## Aim of the task
Pictures aside, reproduce exactly and only the lines from the one containing "1922 oval 9kt" through the end of the records.

(Data excerpts)
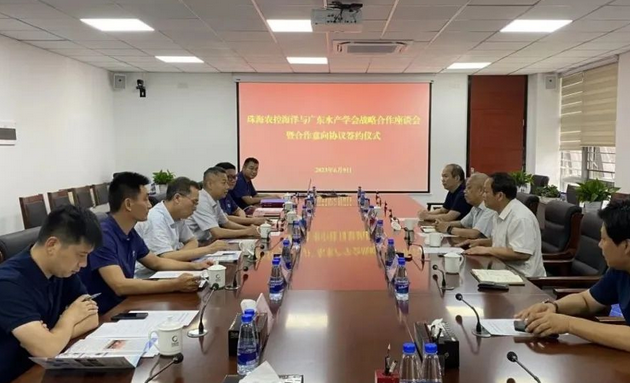 为贯彻落实市委、市政府工作部署,2023年6月9日,木瓜视频 下属珠海市农控海洋产业发展有限公司(简称“农控海洋公司”)与广东水产学会举行战略合作座谈会暨合作意向协议签约仪式。木瓜视频 副总经理钟华、广东水产学会党支部书记吴灶和、理事长林蠡、秘书长陈健光、秘书刘忠辉参加会议。农控海洋公司副总经理吴文中主持会议。
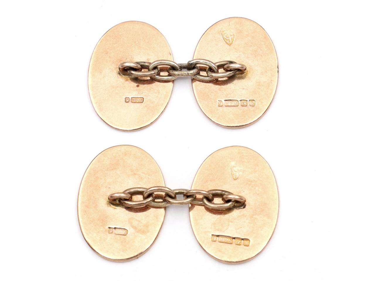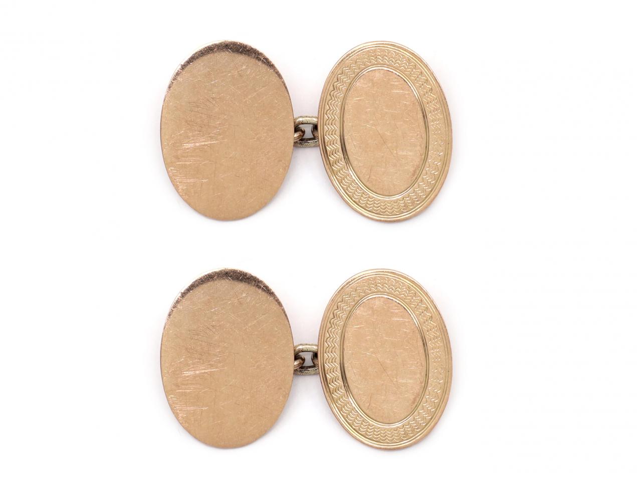 1922 oval 9kt rose gold cufflinks. A matching pair of cufflinks, each consisting of two oval plaques, the front plaque decorated with an etched border, fitted to reverse with a solid belcher chain connecting the back polish oval plaque. Hallmaked 9kt gold, Birmingham, 1922.
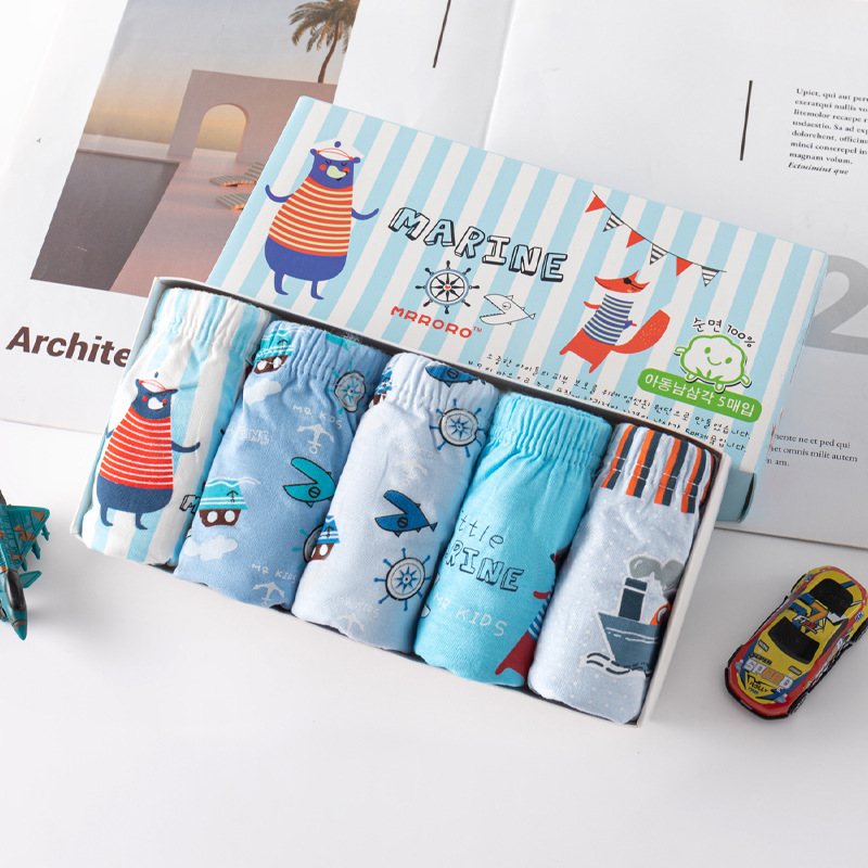 한국 스타일의 새로운 박스형 어린이 브리프면 아기 빵 바지 중간 및 큰 어린이 만화 반바지 공장 상점스토어 가기
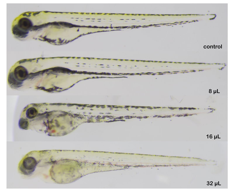 斑马鱼的胚胎透明、柔软,使外源物质的吸收容易,暴露方式简单,外源物质可直接溶于培养水体或注射至胚胎中。同时,斑马鱼胚胎具有较强的生物敏感性,毒性物质易使其致畸或死亡,且不同致畸部位的敏感性不同。因此,斑马鱼以其独特的优势已经越来越多地用于动植物提取物、抗菌剂、防晒剂以及纳米粒子等化妆品成分安全性的评价中。
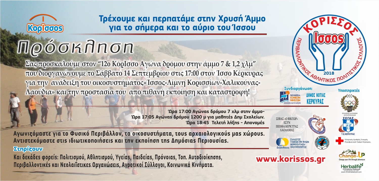 Ο αγώνας διοργανώνεται για την ανάδειξη του οικοσυστήματος “Ίσσος-Λίμνη Κορισσίων-Χαλικούνας-Λαούδια” και την προστασία του από πιθανή εκποίηση και καταστροφή.

## Answer section
 1922 oval 9kt rose gold cufflinks. A matching pair of cufflinks, each consisting of two oval plaques, the front plaque decorated with an etched border, fitted to reverse with a solid belcher chain connecting the back polish oval plaque. Hallmaked 9kt gold, Birmingham, 1922.
 한국 스타일의 새로운 박스형 어린이 브리프면 아기 빵 바지 중간 및 큰 어린이 만화 반바지 공장 상점스토어 가기
 斑马鱼的胚胎透明、柔软,使外源物质的吸收容易,暴露方式简单,外源物质可直接溶于培养水体或注射至胚胎中。同时,斑马鱼胚胎具有较强的生物敏感性,毒性物质易使其致畸或死亡,且不同致畸部位的敏感性不同。因此,斑马鱼以其独特的优势已经越来越多地用于动植物提取物、抗菌剂、防晒剂以及纳米粒子等化妆品成分安全性的评价中。
 Ο αγώνας διοργανώνεται για την ανάδειξη του οικοσυστήματος “Ίσσος-Λίμνη Κορισσίων-Χαλικούνας-Λαούδια” και την προστασία του από πιθανή εκποίηση και καταστροφή.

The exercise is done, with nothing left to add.